SIGI Misses Q3 Earnings Estimates, Ups Dividend, Okays Share Buyback

Selective Insurance Group SIGI reported third-quarter 2025 operating income of $1.75 per share, which missed the Zacks Consensus Estimate by 4.9%. The bottom line, however, increased 25% year over year.

The company’s performance in the quarter reflects solid underwriting income, lower catastrophe losses, average renewal pure price increase and lower loss and loss expenses.

Total revenues of $1.4 billion increased 8.9% from the year-ago quarter’s figure, primarily due to higher net premiums written, net premiums earned and net investment income earned. The top line beat the Zacks Consensus Estimate by 0.4%.

Selective Insurance Group, Inc. Price, Consensus and EPS Surprise
Selective Insurance Group, Inc. Price, Consensus and EPS Surprise

Selective Insurance Group, Inc. price-consensus-eps-surprise-chart | Selective Insurance Group, Inc. Quote

On a year-over-year basis, net premiums written (NPW) increased 4% to $1.2 billion, driven by renewal pure price increases. Average renewal pure price contracted 90 basis points year over year to 9.6%. Our estimate for NPW was $1.3 billion.

Net investment income increased 18% year over year to $110 million. 

Net catastrophe losses of $24.9 million were narrower than the year-ago loss of $148.8 million.

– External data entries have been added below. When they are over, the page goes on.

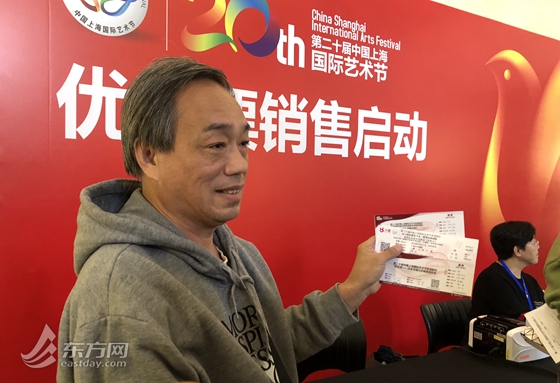 圖片說明:市民王福慶展示自己購入的中國上海國際藝術(shù)節(jié)優(yōu)惠票
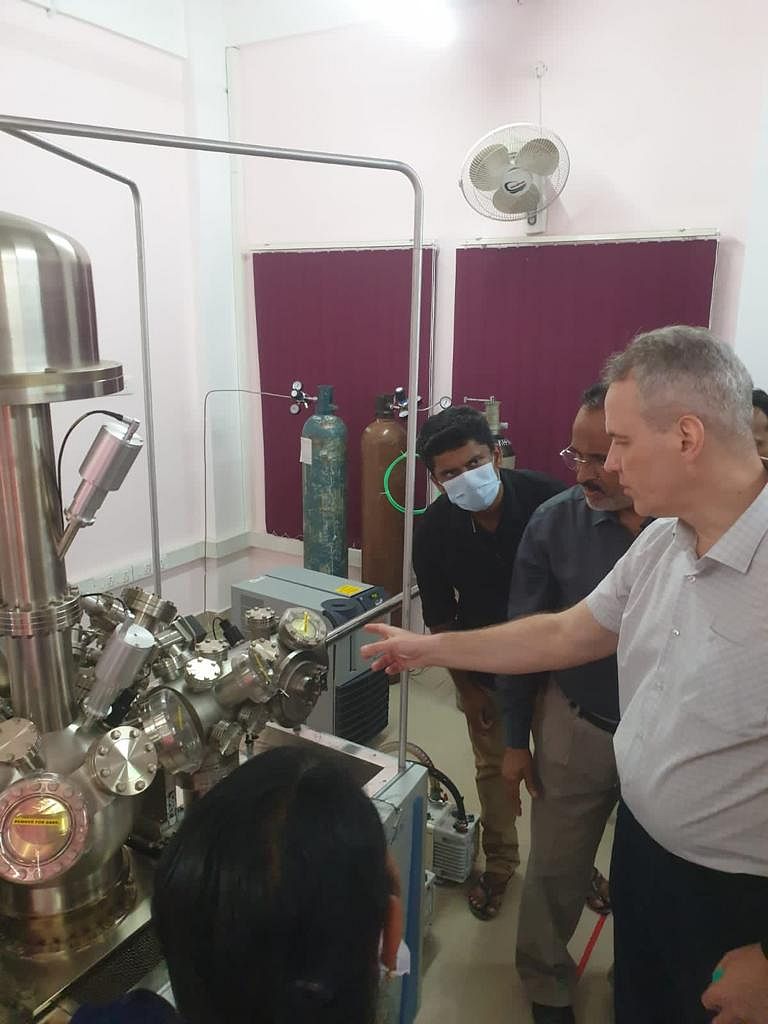 В пятницу, 10 марта, представили АлтГУ побывали в Университете Керала. Сначала они познакомилась с Центром коллективного пользования научным оборудованием (Center for instrumentation and facilitation). В центре, оснащенном широкой линейкой современных научных приборов, ведутся исследовательские работы в интересах различных научных коллективов. Так, в центре имеются рентгеновские дифрактометр, фотоэлектронный и флюоресцентный спектрометры, инфракрасный Фурье-спектрометр, сканирующий электронный микроскоп, ЯМР-спектрометр, ДНК-анализаторы и другое оборудование. Руководитель центра, профессор Г. М. Наир рассказал о системе организации работ и основных решаемых на базе центра задачах.
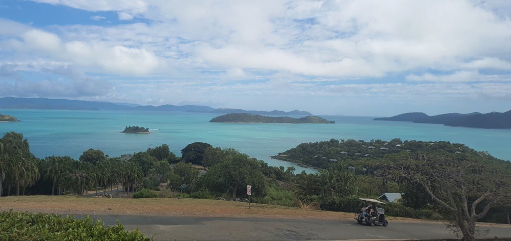 The developed side of the island is a spider web of paved streets that happily fit two golf carts abreast. This is golf cart meca and the little electric buggies are getting about everywhere. Ours loaded with 4 passengers did have some moments of slow crawling on some of the steeper sections of track which reduced us to walking speed, but no stress, the views had you distracted. The island, in true tropical form, is lush and green surrounded by the aqua blue waters that form part of the Great Barrier Reef. We did get told that the island could use some rain despite the recent wet weather events earlier in the year. Guess the tropics can also dry out quickly.
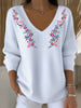 Świeży jasnoniebieski sweter damski z dekoltem w szpic i różowo-niebieski kwiatowy i motylkowy haft na dekolcie w szpic
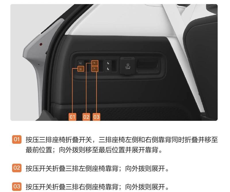 需注意的是:通过物理按键三排座椅靠背折叠/展开,会联动调节对应侧的二排座椅位置。 请在操作前留意,确保不会影响到车内乘客安全或个人物品。
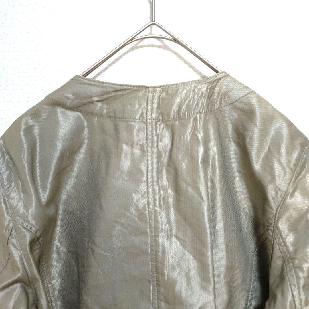 Product name: NATURAL BEAUTY BASIC ナチュラルビューティーベーシック ジャケット ノーカラー ライダース風 光沢感 銀 シルバー M
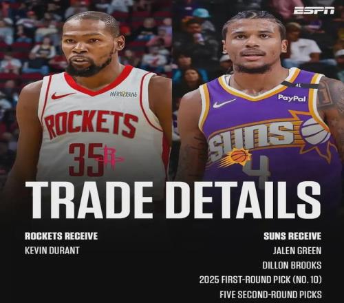 去年夏天休赛期,火箭送出杰伦格林+狄龙+25届首轮第十号签(马卢阿奇)+5个次轮签,从太阳挖来杜兰特。
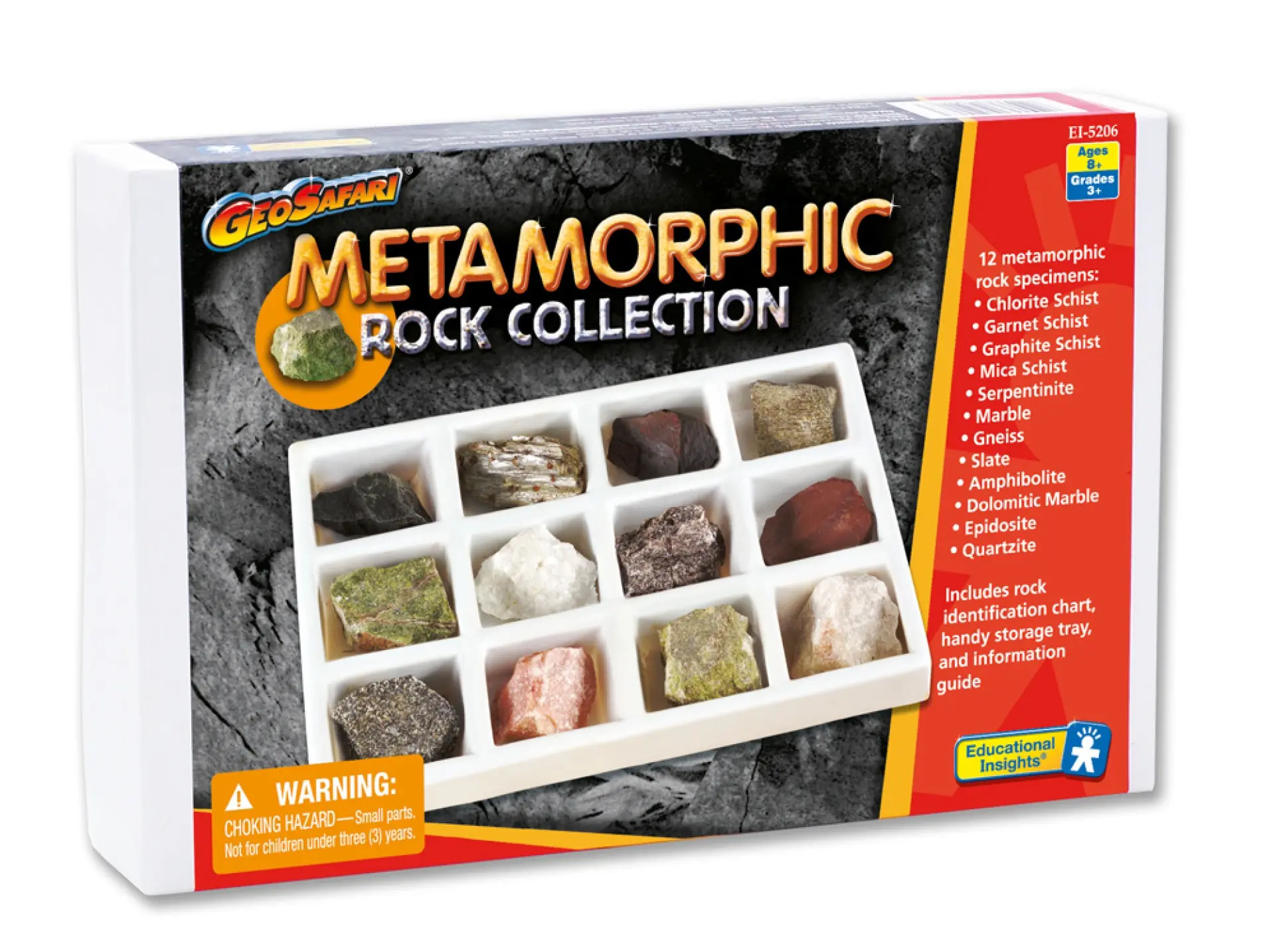 Inclui tabela de identificação de rochas, bandeja de armazenamento prática e guia de informações.
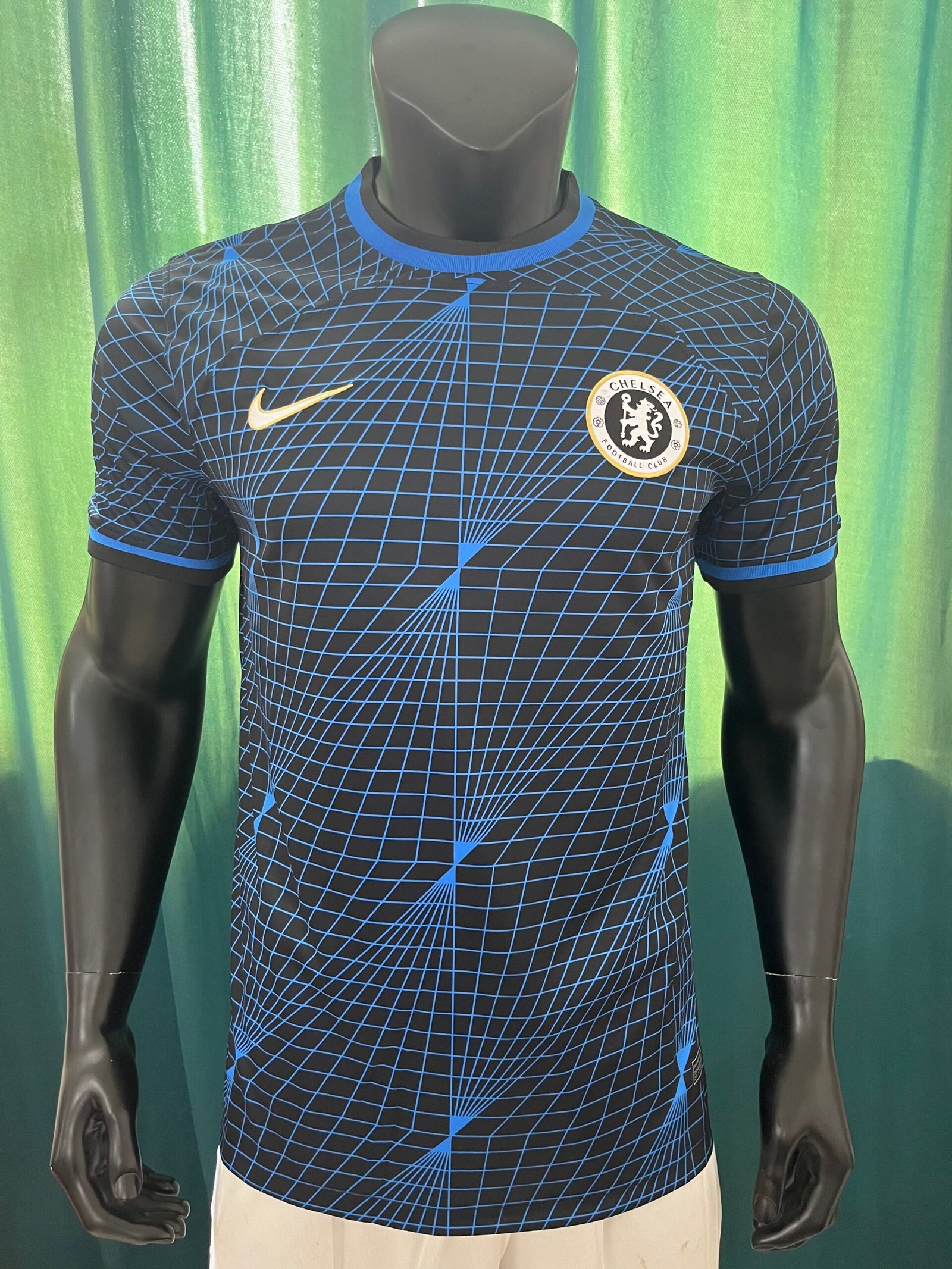 This striking football jersey has a dark, mysterious design. It features a bold graphic pattern with bright blue lines on a black background. It is likely a Chelsea FC away or third kit, featuring the club crest and the iconic white Nike Swoosh. The angular, web-like design gives it a modern, high-tech aesthetic. It looks sharp and offers great comfort and breathability. This makes it a stylish pick for fans who want to stand out and support the Blues.
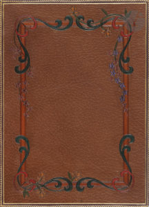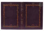 Maroquin violet, plats ornés d’un encadrement composé d’une bande de maroquin havane, décoré aux angles d’un cercle de maroquin vert foncé et sur ses bords de motifs mosaïqués représentant des serpents, des feuilles stylisées, un collier de pampilles, une rose, un petit médaillon étincelant, dos à nerfs orné d’une rose mosaïquée au centre, doublures de maroquin brun bordé d’une roulette dorée et orné d’un encadrement mosaïqué de maroquin havane décoré de fleurs et de volutes mosaïquées, gardes de soie moirée brune, doubles gardes, tête dorée, non rogné, couverture et dos conservés, étui bordé (L. Godet. Lyon).
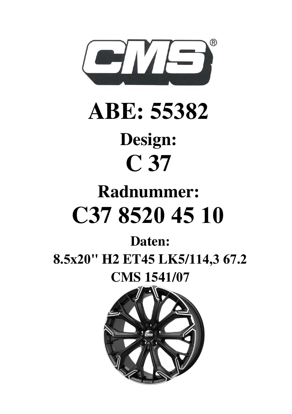 Dieses Gutachten (ABE) bezieht sich auf die Alufelge CMS C37 in der Ausführung 8.5Jx2 ET 0, Mittenloch 0 mm (KBA 55382). Im PDF findest du typischerweise zulässige Reifengrößen, Auflagen/Anbauhinweise und – je nach Dokument – Hinweise zur Eintragung.
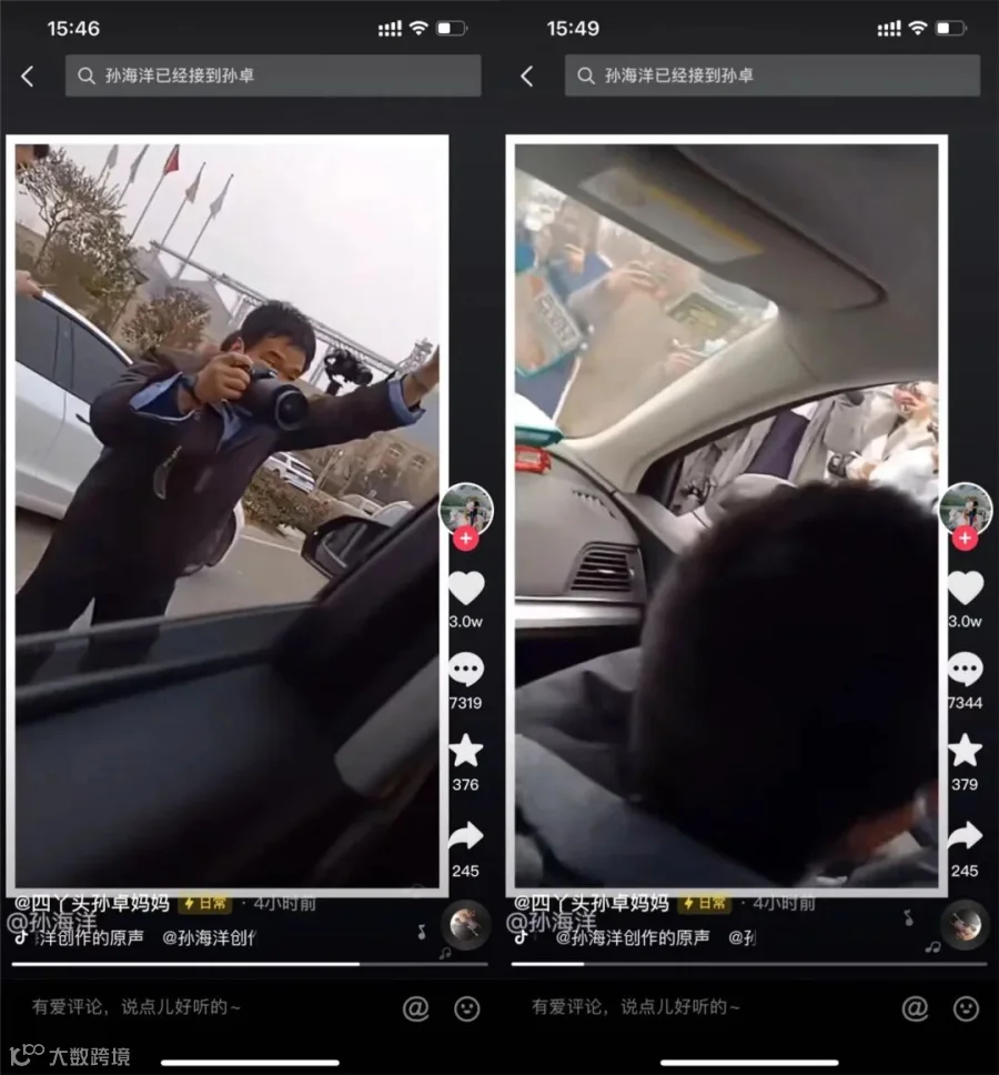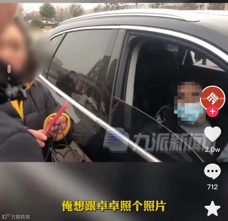随后,23日中午,彭四英在抖音账号上发布一则视频,一家人坐在车内,车周围有不少人将镜头对准孙卓拍照并喊话。
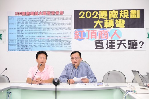 高志鵬委員指出,今年四月間,郭台銘曾說:「有兩個行業我一定會進去,進去我們會贏,一個是房地產、一個是金融業,但是我進去的做法,跟他們一定不一樣」。若介入202廠搬遷案,就是郭台銘跨足房地產的做法,那的確很「不一樣」。此外,今年三月初,郭台銘宣布跨足生技產業,行政院在三月下旬馬上就推出生技起飛計畫,由國發基金出資40%成立600億的大型生技創投基金。馬政府與特定財團間的互動,不過是換了新面孔的老國民黨復辟。特別是郭台銘曾擔任「新台灣人基金會」董事,與馬英九的關係非比尋常,其中是否涉及利益輸送?馬英九應說清楚。
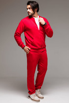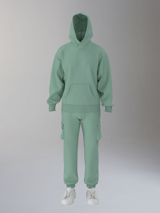 Мужской спортивный костюм из плотного трикотажа с петельной изнанкой. Верх комплекта - толстовка-худи с капюшоном, с накладным карманом "кенгуру". Рукава толстовки втачные, свободные со спущенной линией плеча, с эластичными манжетами. На тактических брюках "Карго" два объемных накладных кармана с клапанамии и еще два кармана в боковых подрезах. Брюки зауженны книзу на резинку. Пояс брюк на резинке, по линии талии дополнительно регулируется шнуром.
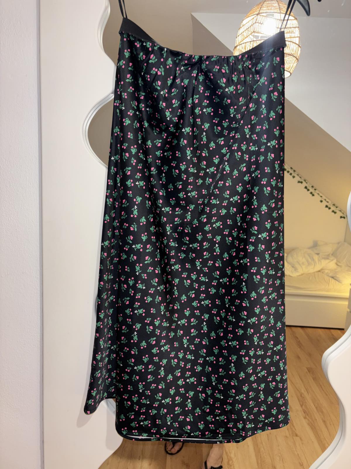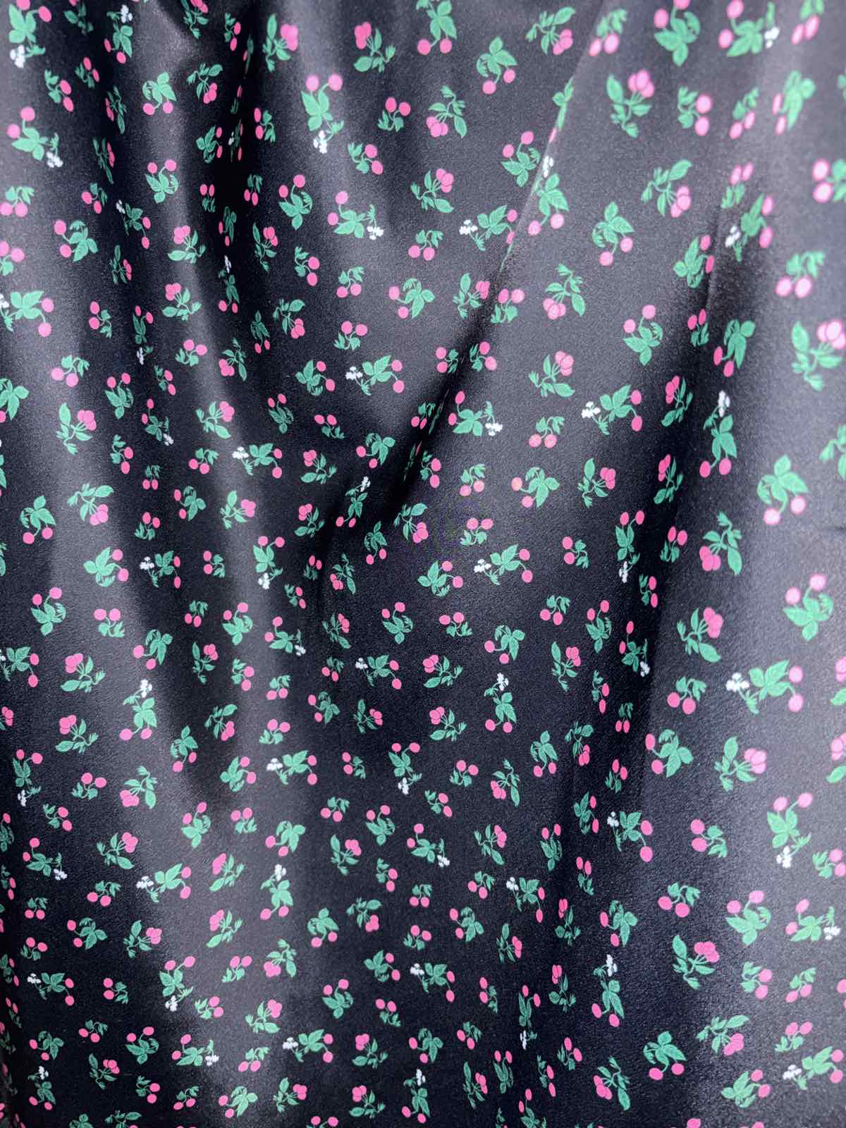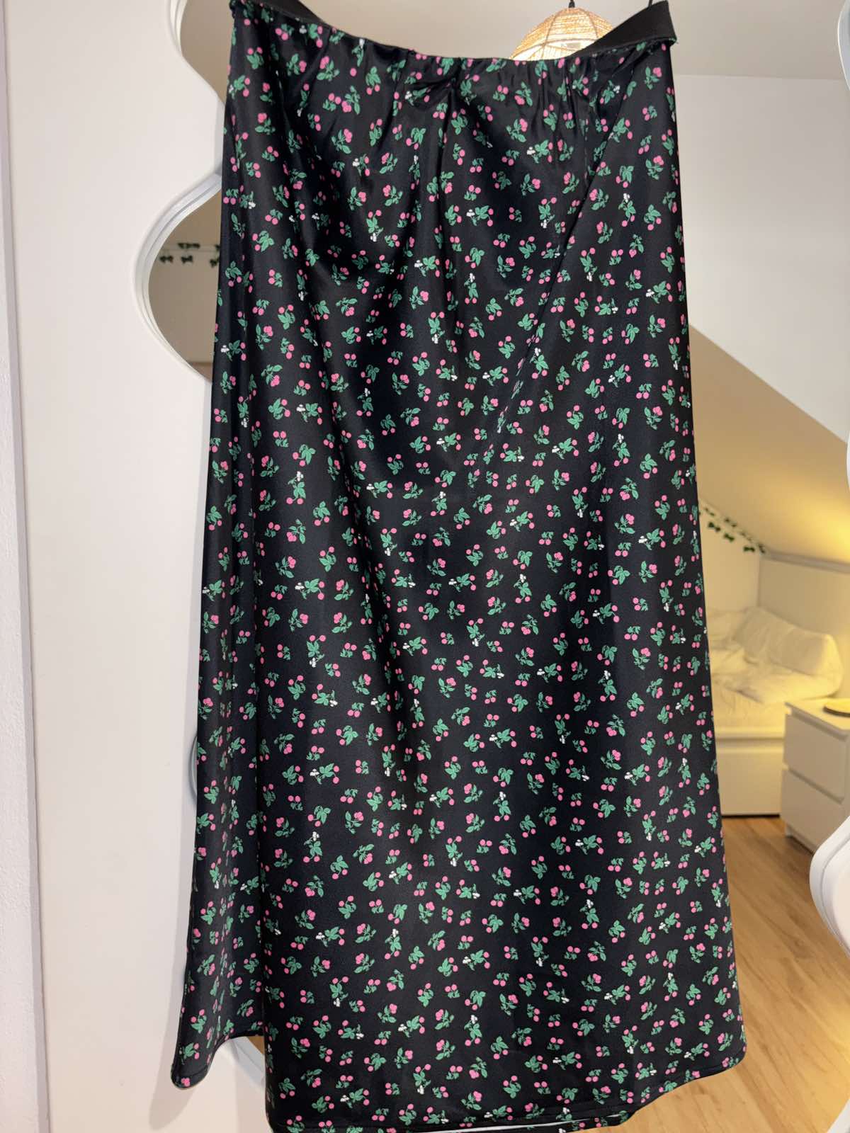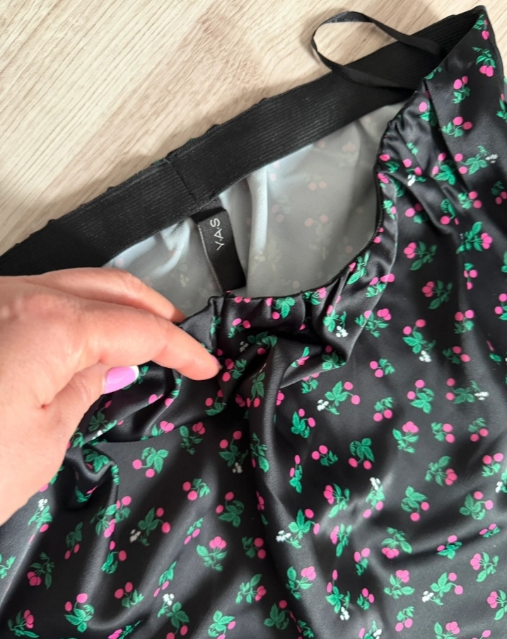 SkladomNová bez visačky, saténová, čierna s čerešňami, pružný pás, veľkosť M, pás v pokoji 35 cm, dĺžka 81 cm

Non-catastrophe property loss and loss expenses were $169.6 million, wider than the year-ago loss of $146.7 million.

Underwriting income of $16.7 million increased more than threefold year over year. The combined ratio of 98.6 improved 90 basis points year over year. The Zacks Consensus Estimate was 97.6.  Our estimate was also 97.6.

Total expenses increased 7.7% year over year to $1.2 billion, primarily due to higher loss and loss expense incurred. Our estimate was $1.9 billion.

Standard Commercial Lines’ NPW was up 4% year over year to $940.8 million. The premium growth reflected average renewal pure price increases of 8.9% and retention of 82%. Our estimate was $962.8 million. 

The combined ratio deteriorated 190 basis points (bps) to 101.1. The Zacks Consensus Estimate was 98.9 and our estimate was 97.

Standard Personal Lines’ NPW decreased 6% year over year to $104.2 million due to deliberate profit improvement actions. New business decreased 20%, while renewal pure price was 16% and retention was 79%. The figure was lower than our estimate of $120.1 million. 

The combined ratio improved 1200 bps on a year-over-year basis to 110.1. The Zacks Consensus Estimate was pegged at 99.3, while our estimate was 124.8.

Excess & Surplus Lines’ NPW was up 14% year over year to $162.9 million, driven by average renewal pure price increases of 8.3%. Our estimate was $180.6 million. 

The combined ratio improved 700 bps to 76.2. The Zacks Consensus Estimate was pegged at 88.7, while our estimate was 83.5.